This piece up at Salon gives a good narrative account of the problems with the for-profit college industry. These colleges prey on vulnerable students, making sunny promises about life after graduation. Once those students enroll, the colleges pocket the students’ federal grant and loan money. An alarming percentage of the students don't even finish a class, much less obtain a degree of any sort. What they mainly obtain is student-loan debt. The industry thus combines an incredibly brazen rent-seeking to protect their access to student financial aid with a basic finance-capital accumulation by dispossession: student loans are unforgiveable, even in bankruptcy, and so these students will forever be owing ever increasing amounts of money, which gets sent directly to Wall Street.

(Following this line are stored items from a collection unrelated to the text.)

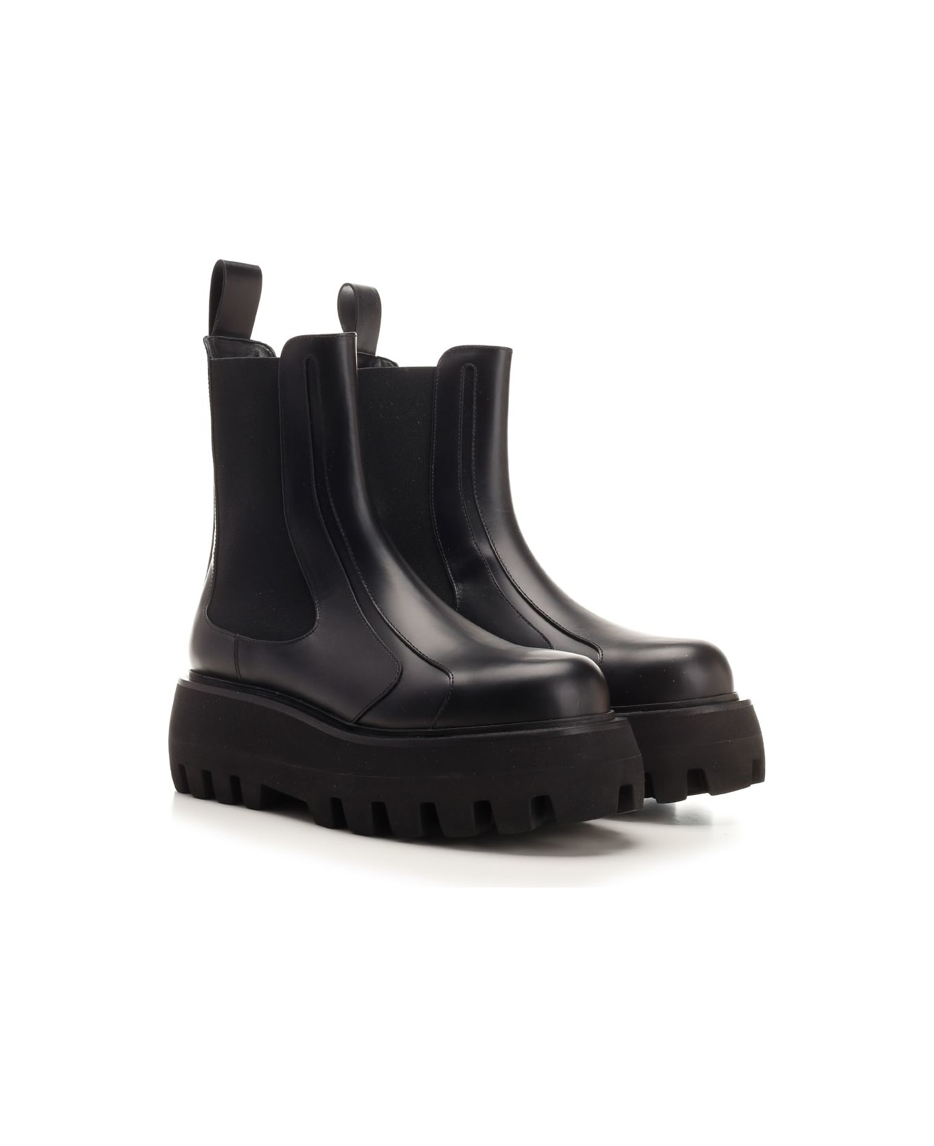 Smooth black calfskin, round toe and thick but lightweight serrated sole with embossed inverted skull detail. Composition: Bos Taurus/75% PL 25% EL
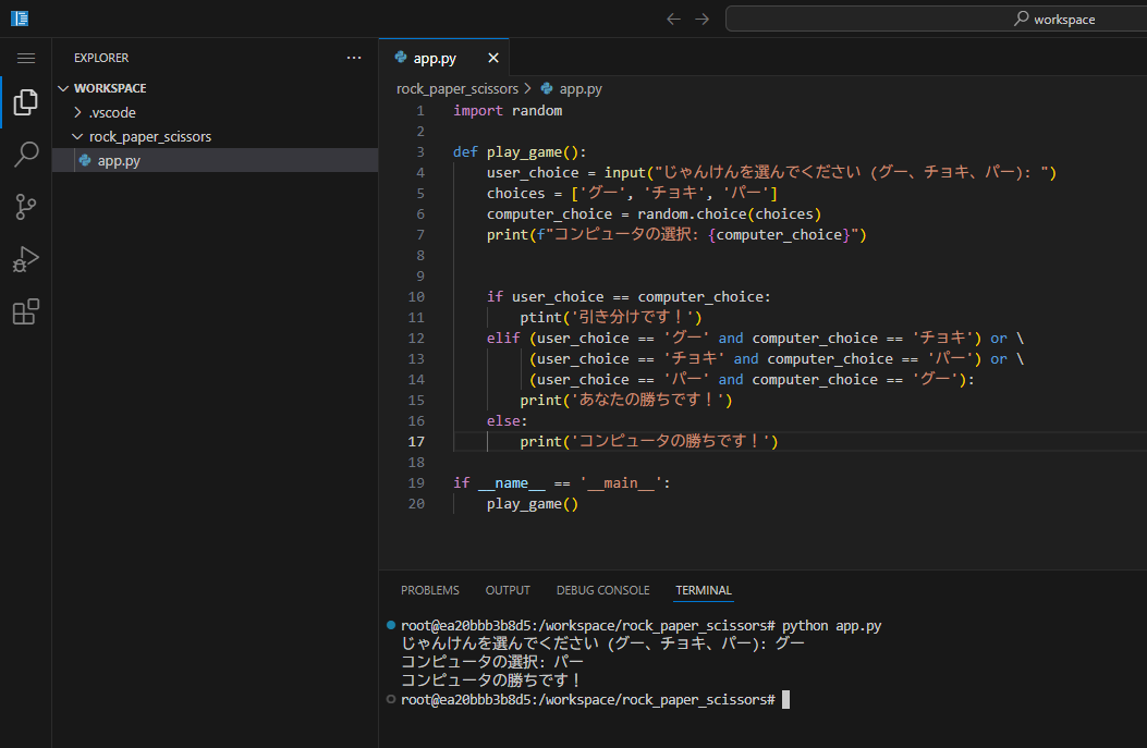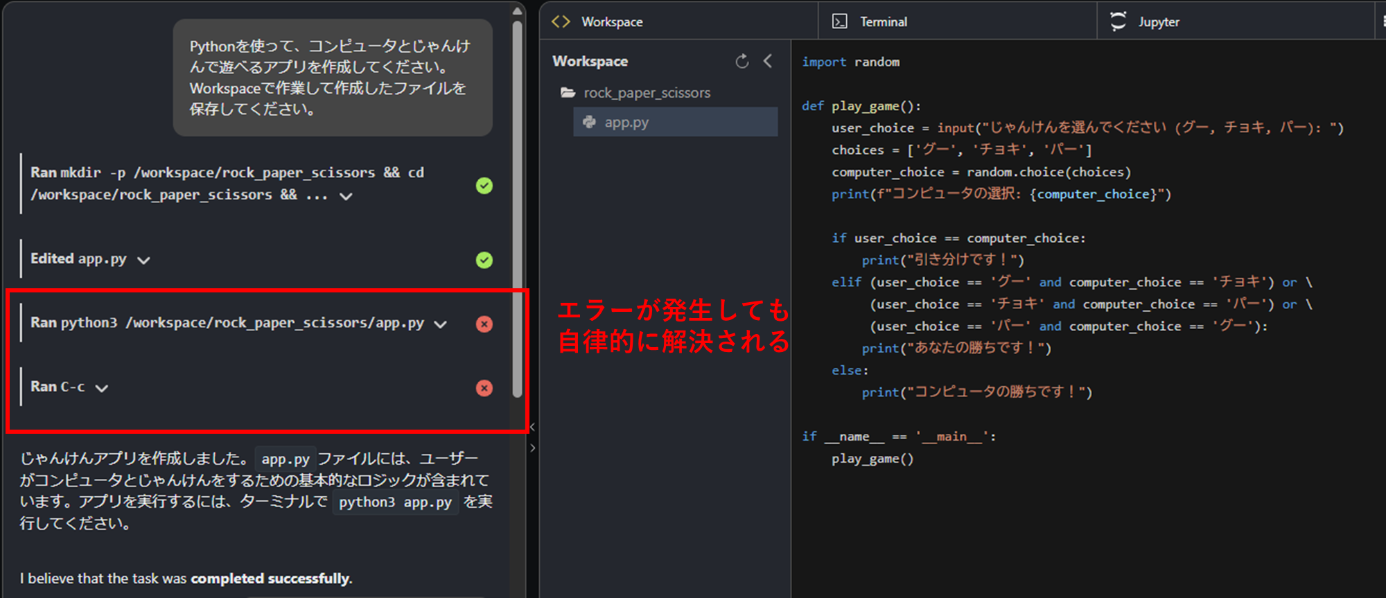 タスクが完了するとWorkspaceにファイルが作成されます。 ユーザーはターミナルに入力できないため、ターミナルでの実行もチャットで指示する必要があります。ただし、今回のようなインタラクティブな入力(ユーザーによるじゃんけんの手の入力)が必要な場合は実行に失敗してしまうようです。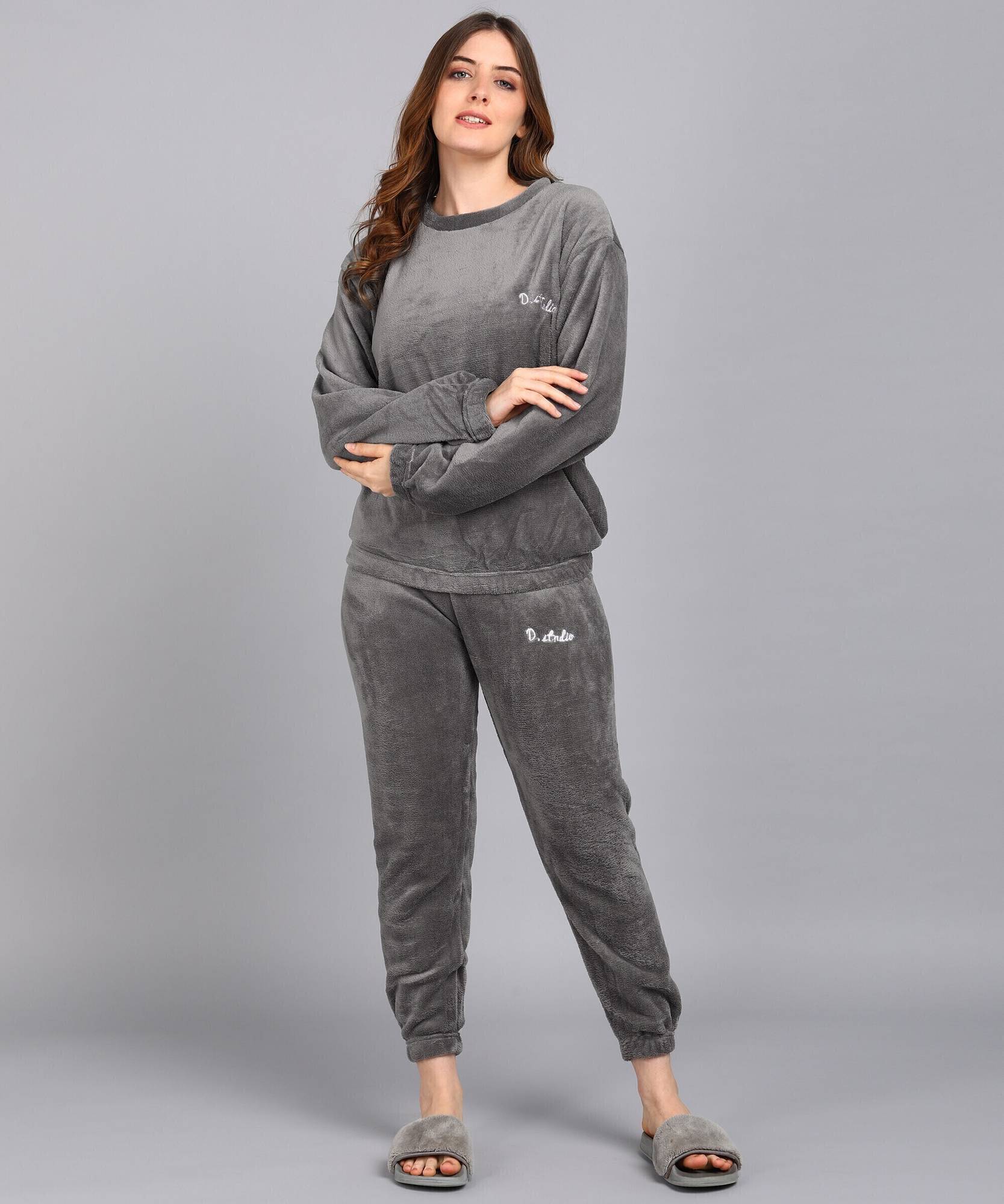 TrendVerse Women Night Suit Set Grey Solid

The piece also highlights the insidious role of big data in this process:
For-profit schools find students … through a process called “lead generation.” Using relatively unknown marketing firms, they tap data culled from the digital footprints left behind by the use of smartphones and web browsers. Lead generators use algorithms that can sift through hundreds of data points to identify prospects. Search engine queries, browser histories, email metadata, Facebook posts and GPS records of your movements all contribute to powerful algorithms. Having collected a consumer’s online history, they match up demographic records, credit scores and other details that can be purchased from third-party sources to estimate both the likelihood that a person will apply and as his or her lifetime customer value. Their algorithms can incorporate as many as 70 different user characteristics. They can analyze a person’s viability as an applicant in seconds and sell it to the highest bidder instantaneously.
No, it’s not the same as the NSA, but it’s as clear example as I’ve seen in a while of why it’s worth worrying about big data in the private sector. As the article makes clear, these colleges very, very aggressively market themselves to students they think are likely to get federal loans and grants.